The Radio-Television News Directors Association website posted an article by RTNDA chairman Stacey Woelfel, reflecting on the high school class clown who did an oinking and squealing routine whenever anyone mentioned swine flu back in 1976. He doesn’t hear oinking today but, rather, “the sound of hundreds of reporters beating this story to death.”
Woelfel writes:
“The rampant coverage stems from the fact we’re in a good, old-fashioned arms race. That’s right, an arms race just like the ones the U. S. and the Soviet Union were having back when Gerald Ford was getting his swine flu shot. But the current arms race doesn’t have anything to do with out-nuking each other. It has to do with the escalating competition between media outlets to grab an ever-shrinking audience for our product. I must give credit to Robert Frank and his terrific book The Economic Naturalist for opening my mind to the current arms race scenario. Frank describes the race in economic terms, focusing on why businesses do what they do—even it seems illogical. That illogic is, I believe, at the heart of our swine flu crisis. We fight to do more and more on this mostly-trivial disease because we fear our competitor will have more than we do. But what we miss is that our audiences are laughing at us every bit as hard as I did when Ken Kosciulek (his old class clown classmate) started his pig noises.

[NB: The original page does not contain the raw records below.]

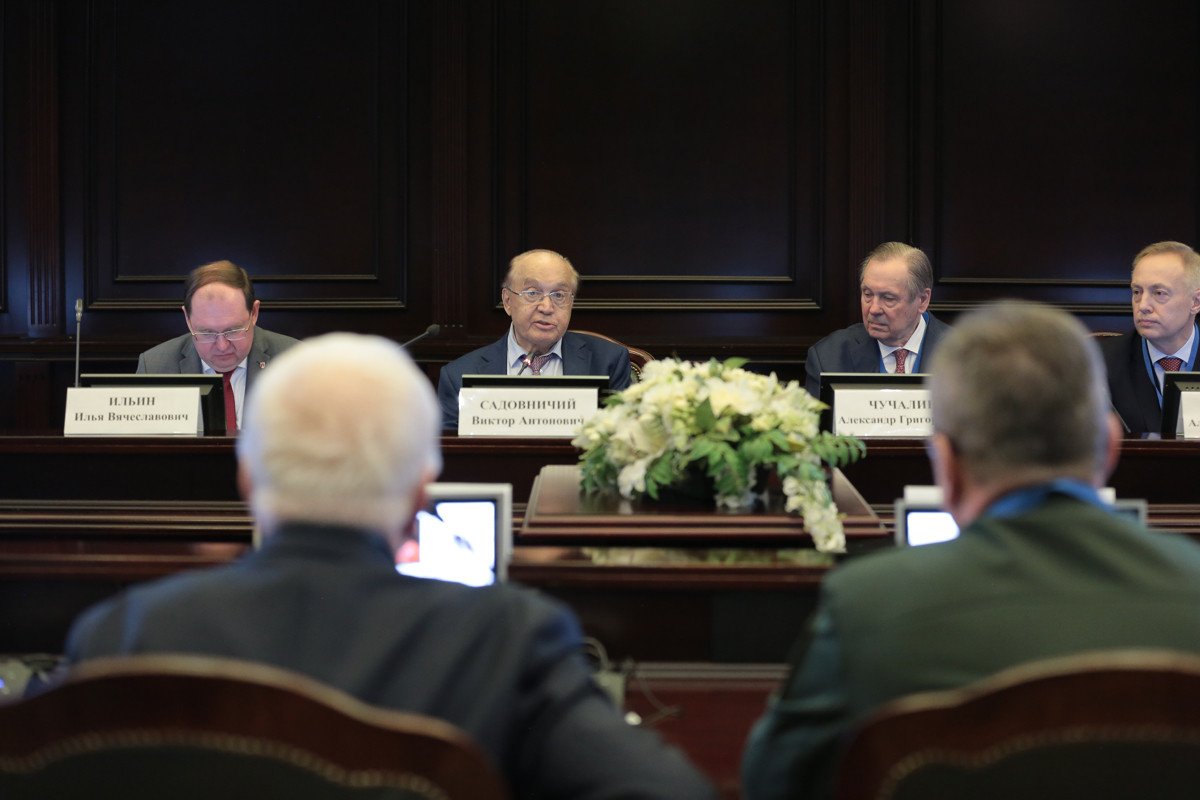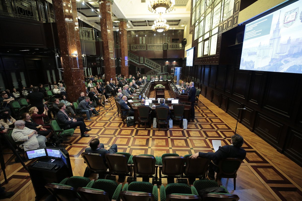 10:00 Декан факультета глобальных процессов МГУ им. М.В. Ломоносова Илья Ильин представляет участников конференции и рассказывает о ее программе. В работе конференции принимают участие 11 академиков и семь членов-корреспондентов РАН.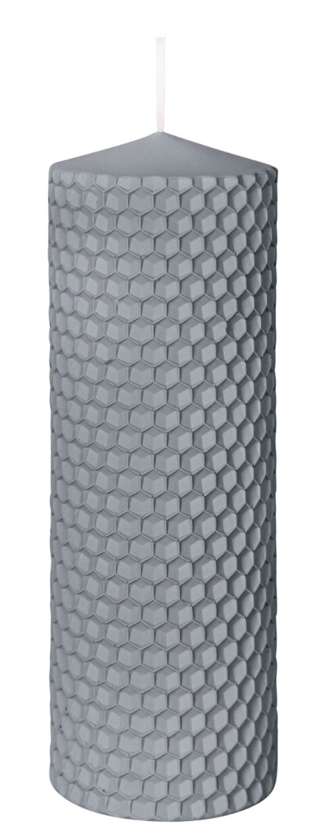 Bougie pilier OSTARA, aspect nid d'abeille, gris, 15cm, Ø5cm, 37h - Made in Germany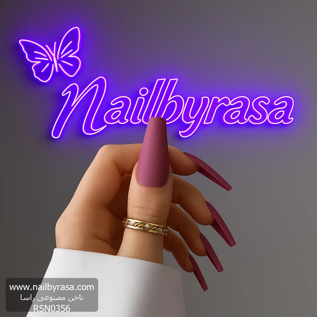ناخن مصنوعی رنگی ساده راسا رنگ کالباسی بنفش گلدانی بلند مات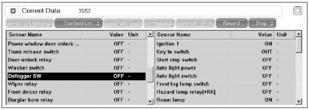 1. The rear window defogger switch inputs can be checked using the GDS.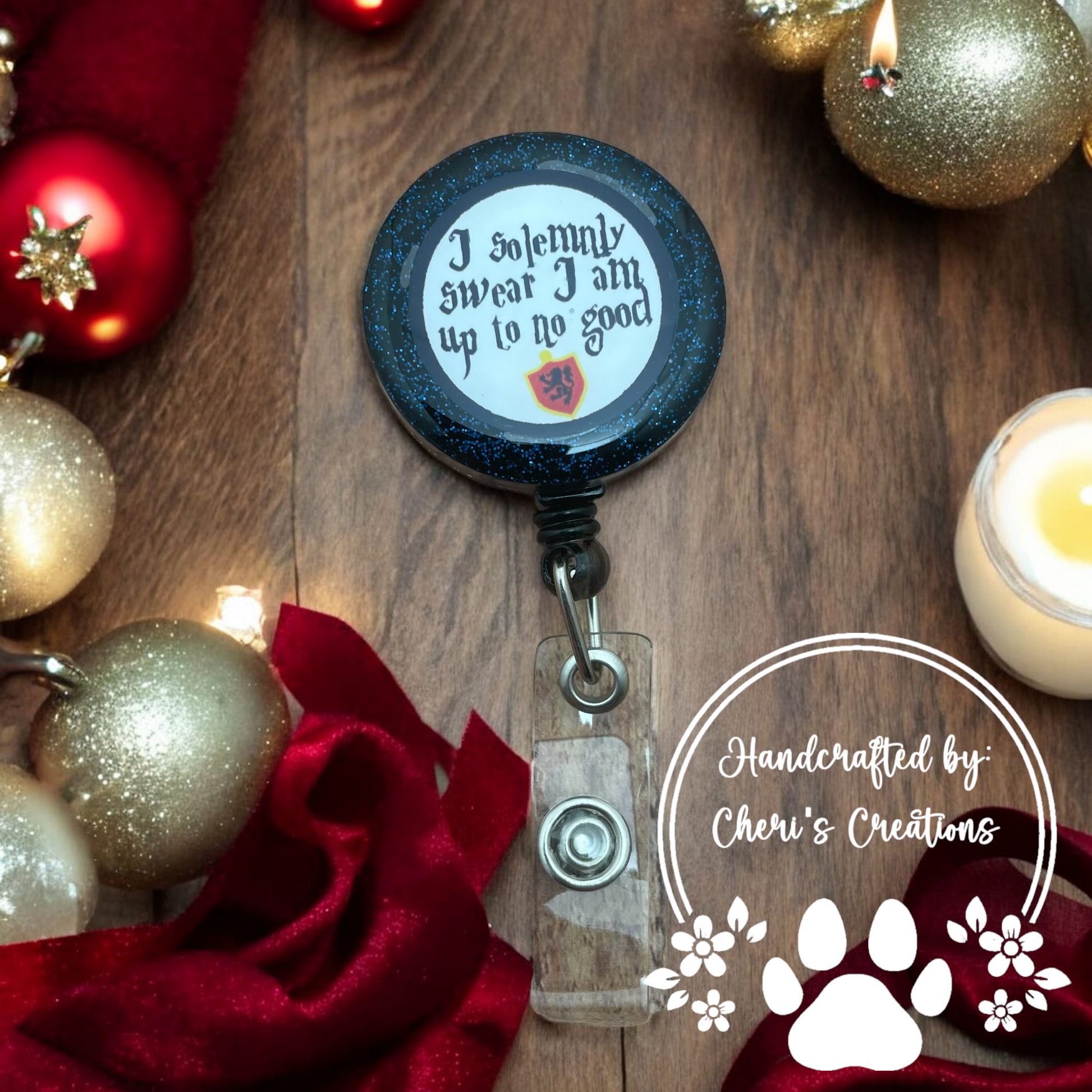 Add a dash of mischief to your day with this enchanting badge reel! Featuring a resin center with the iconic phrase 'I Solemnly Swear that I Am Up to No Good,' this accessory is perfect for those who embrace a bit of mystery and adventure. Stylish and sturdy, it’s an ideal way to express your playful side while keeping your badge secure at work, school, or anywhere you go. A whimsical accessory for anyone who loves a hint of magic in their daily routine!
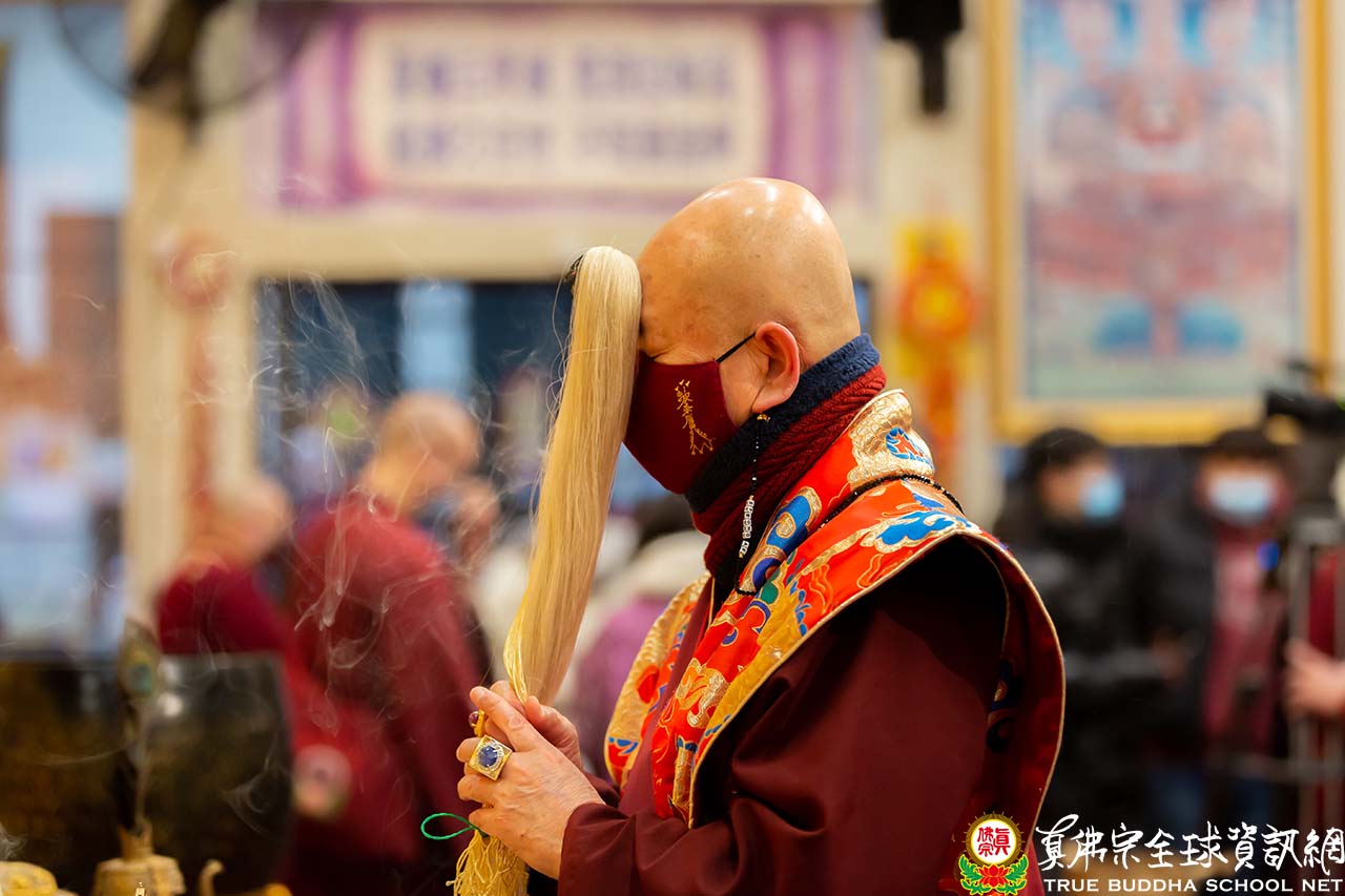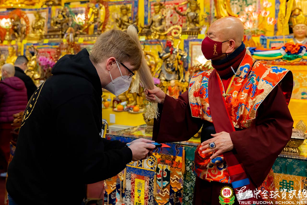 精彩寶貴的法語開示後,聖尊蓮生活佛慈悲賜授新同門皈依灌頂、加持大悲咒水暨開光佛像,並以拂塵一一加持眾人。真佛弟子因根本上師的啟發才能明白真實佛法,聖尊不僅是我們的大善知識,更是光明的來源,如此殊勝的蓮花童子因緣,應當把握今生實踐敬師、重法、實修。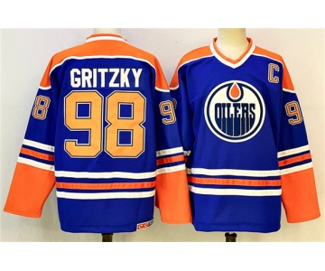 Your Position: Home>NHL Jerseys>Edmonton Oilers>Men>Men's Edmonton Oilers #98 Wayne Gretzky Royal 2025 With C Patch Stitched Hockey Jersey

Should we end all swine flu coverage? No. But our goal should not be to have the most coverage—just the best. And best may include not covering it at all when there’s nothing new to report. At least put the current news in context. I’ll risk mentioning another book all news directors should read. Pick up a copy of Barry Glassner’s The Culture of Fear: Why Americans are Afraid of the Wrong Things. Even though the book’s now ten years old, it still speaks to our role in frightening the American public for no good reason. Again, I’m not saying we shouldn’t cover stories that might be a little scary. But we should put those scares in the context of the odds—the odds of catching swine flu, the odds of dying from it, the odds you’ll even know you have it. That gives the audience a fighting chance to decide just how important the story is and to make an intelligent decision to tune elsewhere when they tire of it.”
If only RTNDA and its chairman and its website and its terrific code of ethics seemed to make any difference with its members! Sadly, that often doesn’t seem to be the case on journalism ethics issues – and certainly not regarding shoddy coverage of health news stories.